A number of interesting cameras debuted at CES. Among them: Liquid Image showed off a $200 wearable mini-cam (the Ego LS, pictured) capable of streaming video live over the 4G LTE network. It’s light enough to be worn on the body for action sports or reportage.

The Ego LS will work with a $200 4G network module with carrier Verizon in the US from June and possibly Vodafone in the UK later. Video can be recorded in HD at 30 frames a second or transmitted over 4G in the lower resolution format WQVGA. The streams can pass through a cloud service direct to a website or out to social network sites.

Panasonic also sported a wearable camera, this one capable of 4K, and confirmed that its high-end 4K Varicam would be shipping from NAB. Panasonic further said it was developing a digital single lens mirror-less camera compatible with 4K video.

Sony debuted a $2,000 4K Handycam for pro-sumers to help stockpile 4K content. Company CEO Kazuo Hiari talked in vague terms of an advanced stills camera in development comprising an array of image sensors to provides focusable post-capture metadata. Background, foreground, focus, depth of field and logorithmic data are some of the elements users will able to manipulate after the image has been captured.

Arguably the most intriguing camera came from chip-maker turned gadget developer Intel. Its RealSense 3D HD camera is described as “the world’s first integrated 3D depth and 2D camera module that helps devices ‘see’ depth much like the human eye.” It has the ability to detect finger level movements enabling accurate gesture recognition as well as facial features for understanding movement and emotions.

It’s also tiny so it can be built into devices like smartphones and ultrabooks – from vendors including Acer, Dell and Fujitsu.

Tablets and smartphones are the largest consumer electronics product categories and there are now moves to link them up with other screens and connected devices in and out of home. Samsung, for example, launched the Smart Home platform to enable users to control and manage devices from refrigerators to smart TVs and digital cameras through a single application. Sony debuted a cloud-based network intended to give access to unspecified live and VOD content across Sony gear from Xperia phones to PS4s (in the US only so far).

As with all attempts to create a single platform unifying devices, the stumbling block is connecting kit from different manufacturers. Very few households come equipped as a purely Sony, Samsung or Apple zone.
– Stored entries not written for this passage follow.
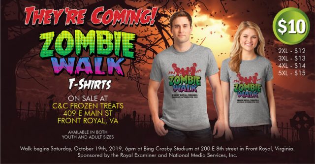 The 2019 Zombie Walk T-Shirts are on sale now. Go by C&C Frozen Treats and pick up your T-shirt today. Only $10. Proceeds will help support the Front Royal/Warren County Humane Society.
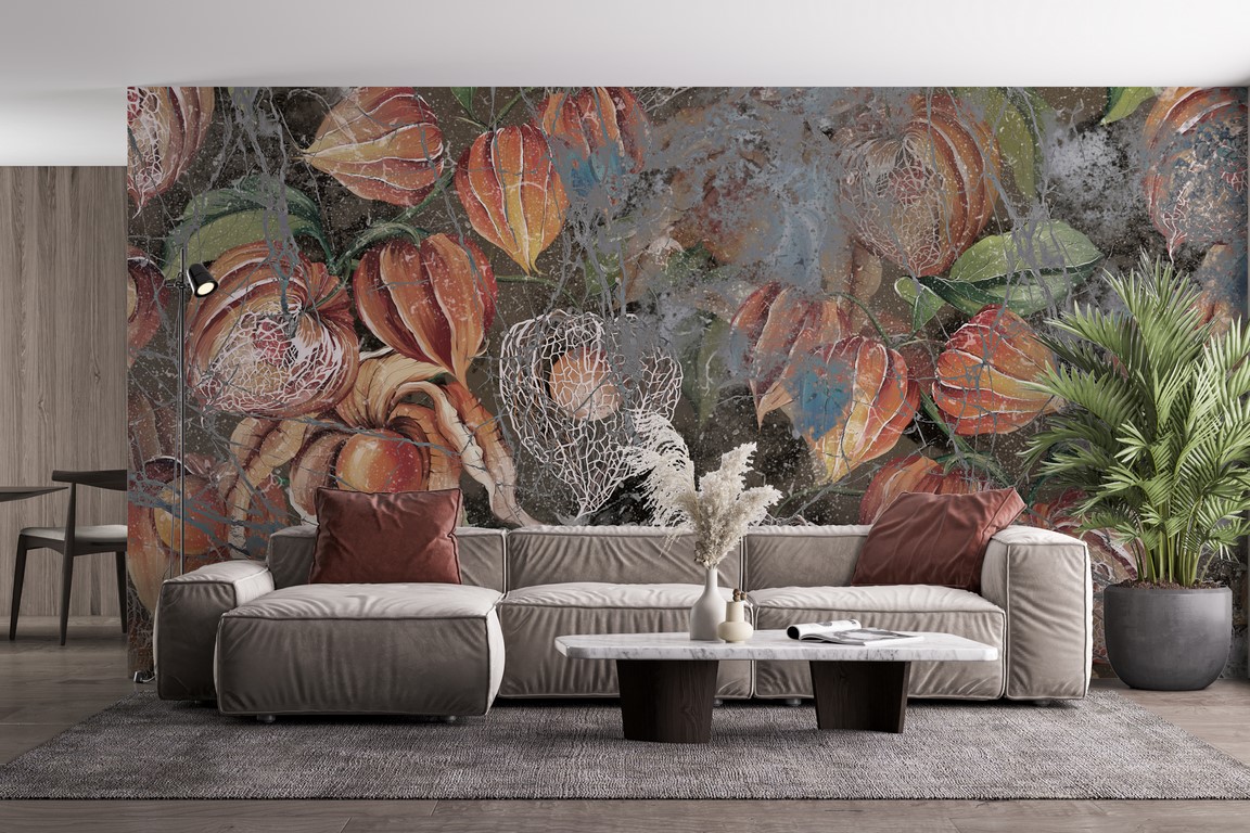 Dacă vă place un stil rustic, natural în designul interior, această pictură murală va fi adăugarea perfectă la spațiul dvs. Pictura murală care înfățișează flori uscate portocalii va conferi camerei dvs. o atmosferă caldă și confortabilă.
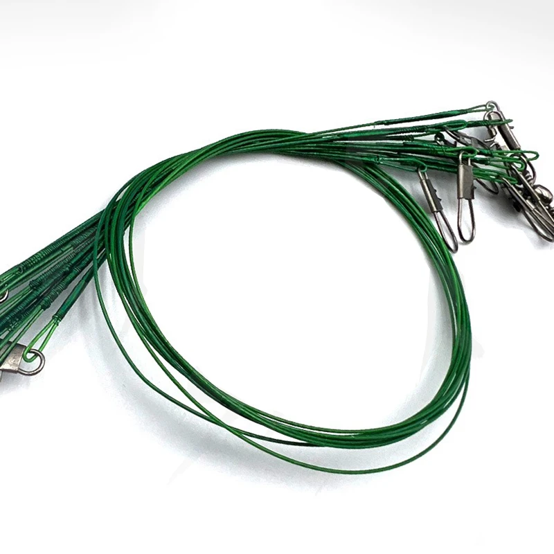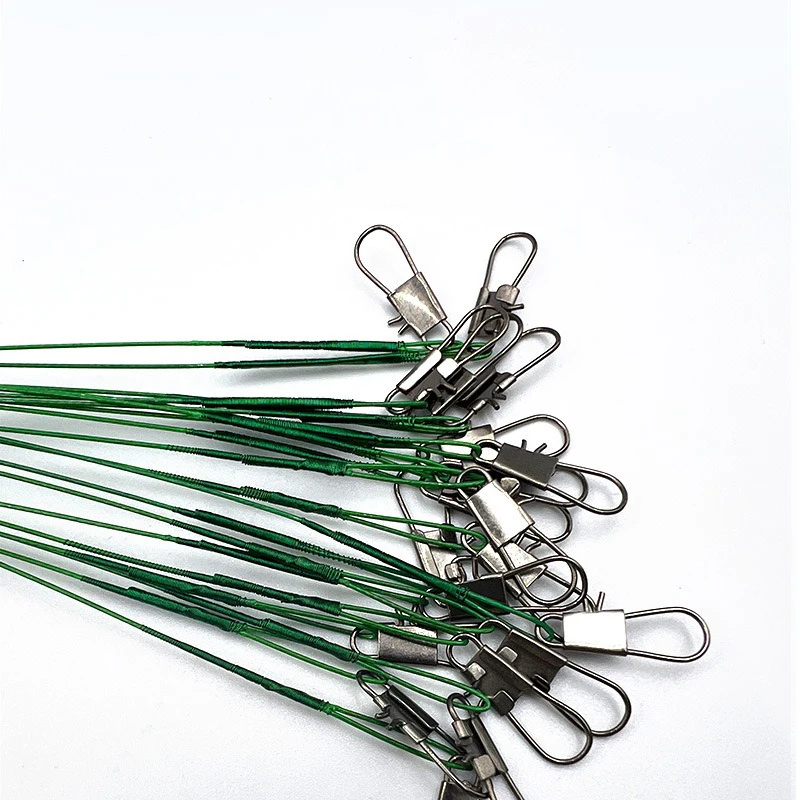 Hecho de acero inoxidable y nailon recubierto con eslabones giratorios y broches. Duradero y lo suficientemente resistente para peces con dientes afilados.

That’s why Technicolor has devised Qeo, an attempt to get all manner of equipment from all manner of vendors to talk with each other.

Among the most intriguing developments in this area is a Multi-Link Screen feature which Samsung is introducing to its 2014 TVs. It enables viewers to view a split screen or a quad screen for checking the internet via web browser while still watching live TV and having an app store or EPG up. Bare in mind we are talking screen sizes in excess of 50-inches so the display real-estate is large enough. The screens also need to be UHD and be powered by a quad core processor but this has the potential for the creation of contextually aware social apps, for example, by automatically providing related information during broadcasts. The split screen can also stream YouTube so viewers could be served relevant video clips side by side with the on-air programme. The advertising or second screen content creation opportunities are huge although Samsung says it has no plans to release an SDK.

Connecting your tablet to your fridge so a digital shopping list can be updated when you run out of milk may not be everybody’s cup of tea but it does seem inevitable. Indeed, if we believe Cisco chief John Chambers we’ll soon be connecting not just homes but whole cities and then countries. If we do that, he declared in a keynote address, then the world economy could benefit to the tune of $19 trillion in a decade.

"The internet of things will be 5-10 times more impactful in one decade than the whole of the internet has been to date. 2014 will be transformational point for the internet of everything,” he said.